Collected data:
================

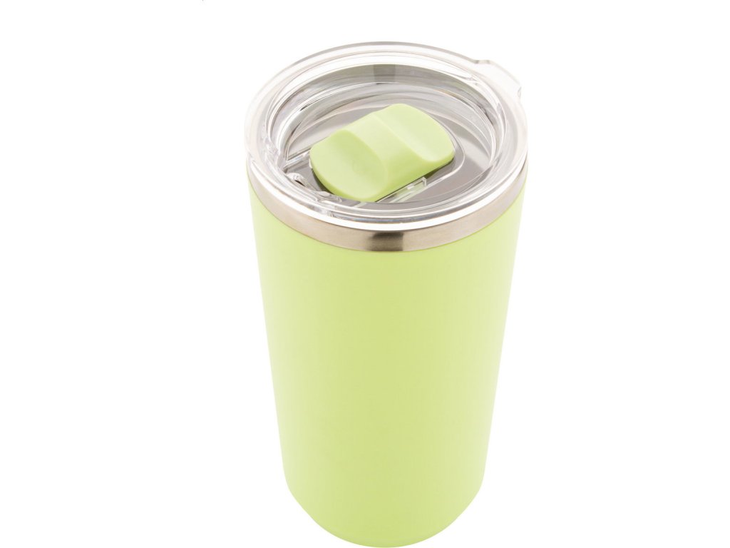 PP plastem pokrytý dvoustěnný, nerezový termo hrnek s víčkem na pití. 500 ml.
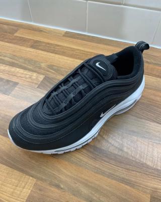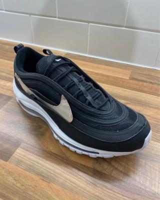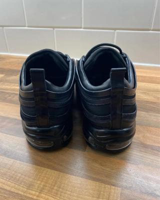 The design walks a fine line between minimal and maximal. From a distance, it reads clean and uniform. Up close, the detailing tells a different story: stacked panels, textured leather overlays, thickened piping, and extended pull tabs that give the heel a more utilitarian presence. The Air midsole stays true to the 97’s DNA, though even here the all-black execution sharpens the model’s profile.
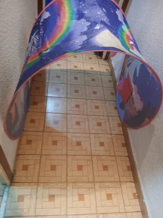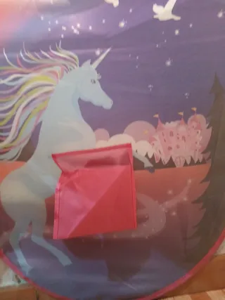 Divertida carpa infantil con un diseño de unicornio y arcoíris. - Estampado de arcoíris y estrellas. - Tonos azules y multicolores. - Borde de color rosa.
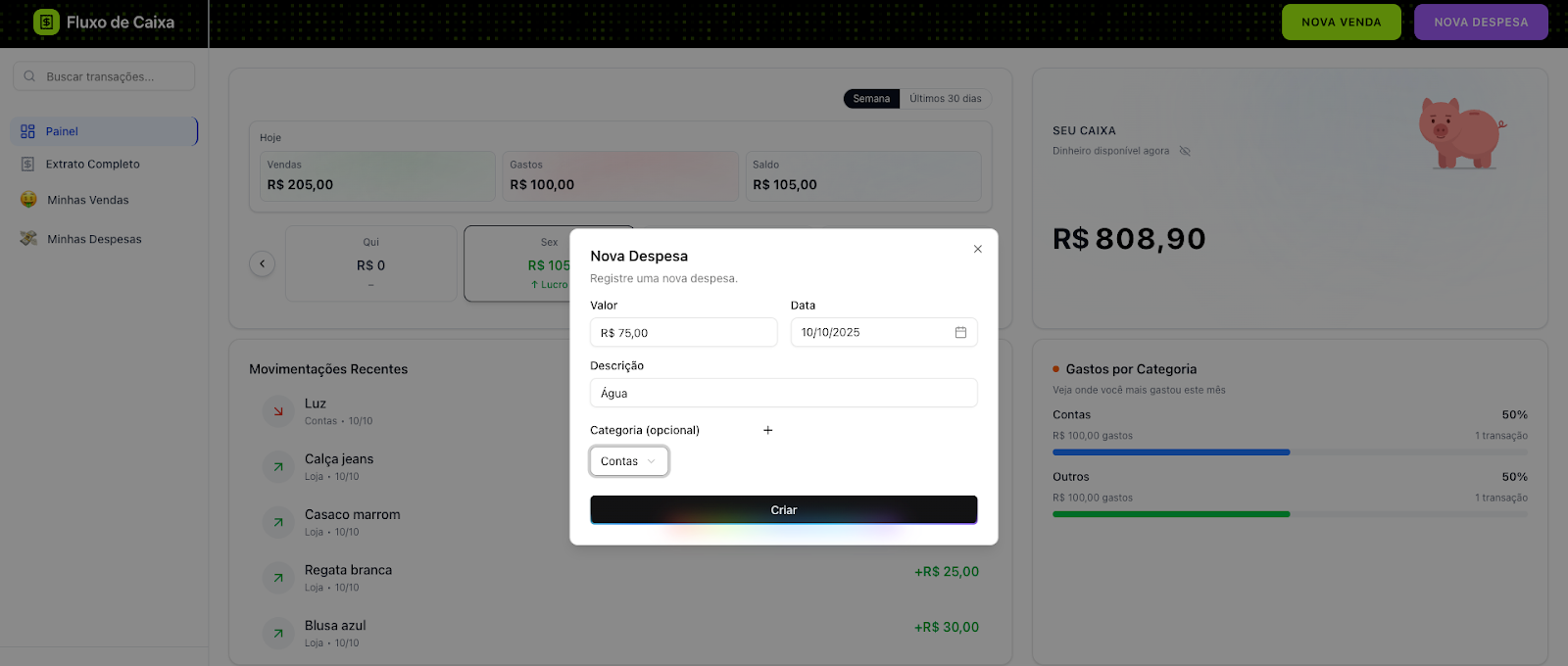 - Registre uma nova despesa
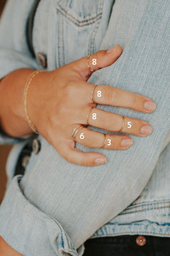 • For midi rings, size down 2-3 sizes for which finger you want it on. Our Teeny Tiny Bands, Tiny Hammered Bands, and Midi Wrap Rings are our most popular for midi rings.
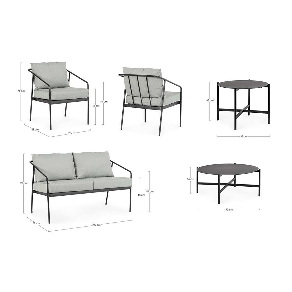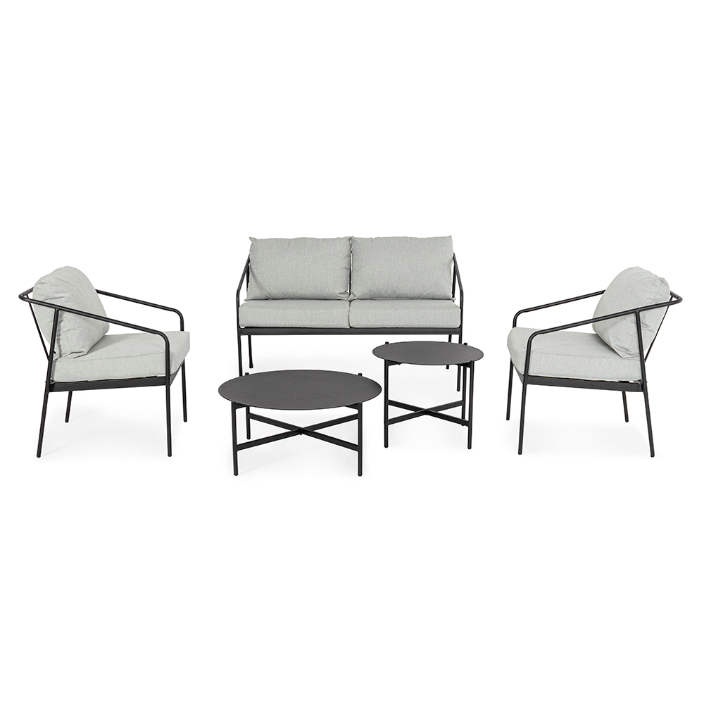 Acest set de lounge de grădină este o adevărată odă pentru designul modern și confortul în aer liber . Fiecare piesă, de la fotoliile simple până la canapeaua cu două locuri , a fost concepută pentru a oferi o experiență de relaxare de neegalat, datorită pernelor moi de șezut și spătar pe care le adaptează la orice peisaj sau stil de mobilier de exterior. Structura din oțel este robustă și concepută pentru a rezista în timp, dar forma sinuoasă conferă setului o lejeritate vizuală care îmbunătățește mediul înconjurător fără a-l îngreuna.
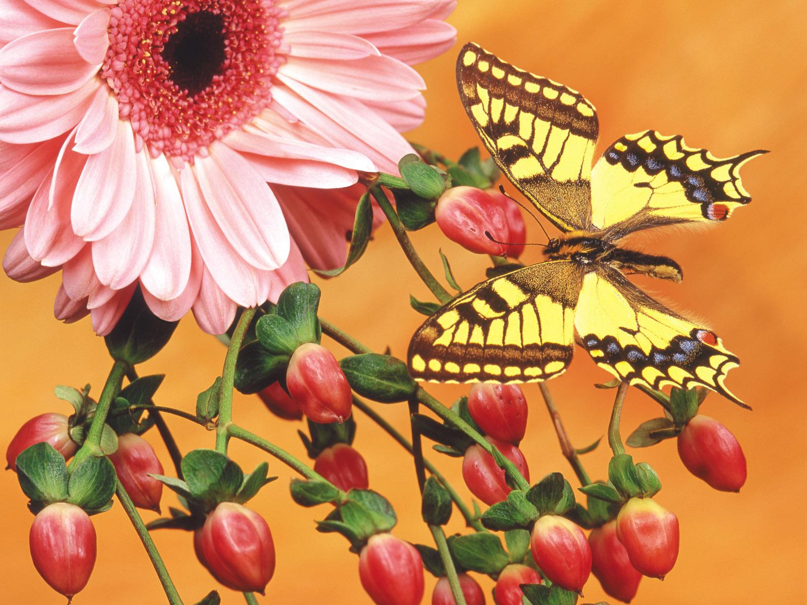 » Обои Бабочка на цветочных бутонах
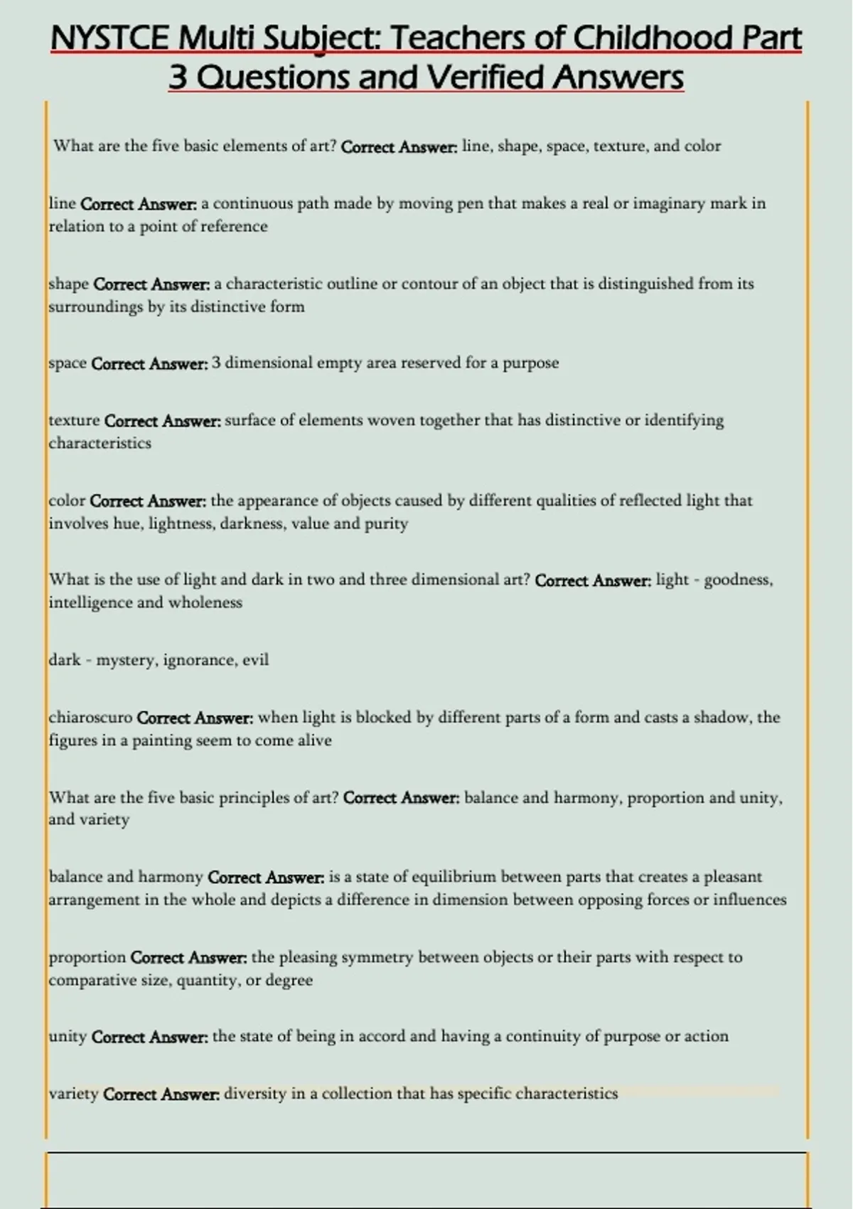 NYSTCE Multi Subject: Teachers of Childhood Part 3 Questions and Verified Answers
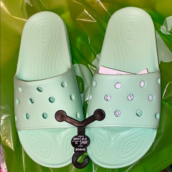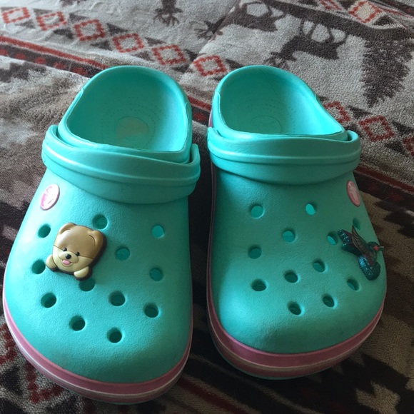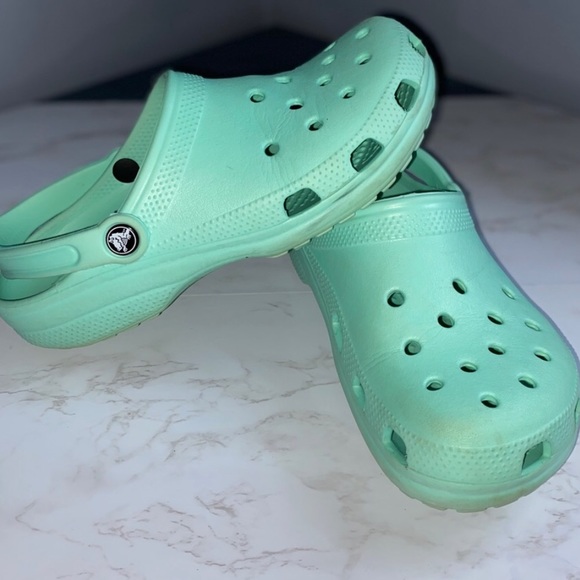 mint green crocs

================

- _What the task requires_
Start with the line that holds "NYSTCE Multi Subject: Teachers" and retype each line through the last one in the data, exactly and without pictures.

- _Response_
 NYSTCE Multi Subject: Teachers of Childhood Part 3 Questions and Verified Answers
 mint green crocs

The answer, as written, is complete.